Pub Date : 2023-09-01DOI: 10.1353/ppp.2023.a908275
Philippe Le Moigne
Abstract: This article discusses the way how change in depressed patients included in clinical trials was both conceptualized and measured in the 1970s to decide on the efficacy of the first candidate drugs for the treatment of depression. Understanding how this issue was resolved is of major interest as the protocol designed to distinguish the diagnosis of the depressive syndrome from the measurement of its evolution over time built the contours of the methodological device to which the whole of standardized evaluation in psychiatry has since referred. This paper draws on the debates in nascent psychopharmacology in both the United States and Europe and examines the protocols and findings of the research programs on depression the National Institute of Mental Health (NIMH) has developed in the United States at the same time, as well as on the writings of the main authors of the standardized evaluation.
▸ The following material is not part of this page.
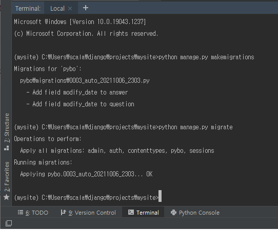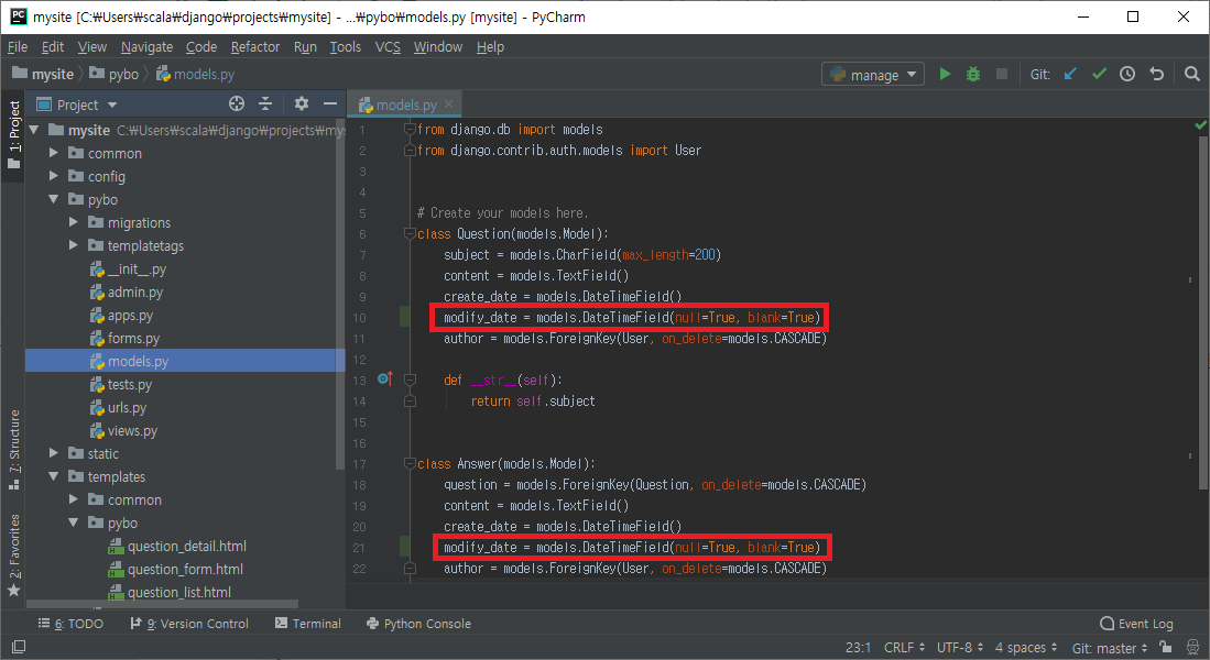 pybo/models.py 를 위와 같이 수정하여 게시글과 답글 모델에 modify_date 속성을 추가해준다. modify_date 는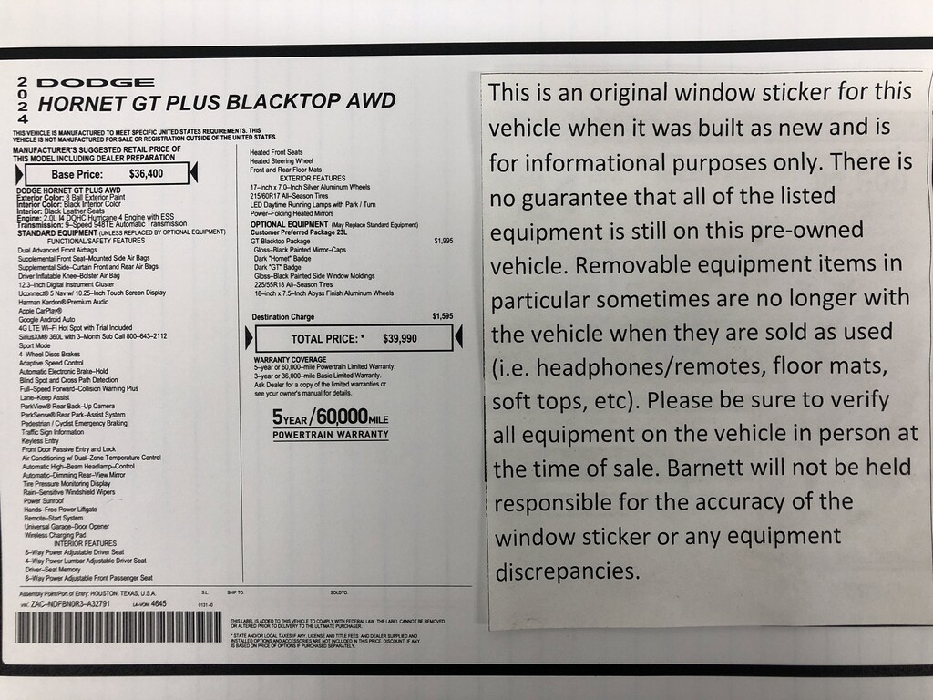 GT BLACKTOP PACKAGE -inc: Gloss Black Painted Day Light Opening Tires: 225/55R18 All Season Wheels: 18" x 7.5" Abyss Finish Aluminum Dark Hornet Badge Dark GT Badge Gloss Black Painted Mirror Caps

This investigation suggests that measurement of patients’ improvement could not be characterized on the basis of psychiatric inventories that were not well-suited to quantification, nor on the basis of psychometric tests which were intended for the evaluation of psychological invariants. This is why the answer given to the characterization of change in depression under therapy rather reveals a syncretism both conceptual and technical, mixing classificatory and psychometric traditions, a syncretism that the distinction endorsed by the Diagnostic and Statistical Manual of Mental Disorders , 3rd edition,between syndromes and personality disorders no longer allows us to perceive.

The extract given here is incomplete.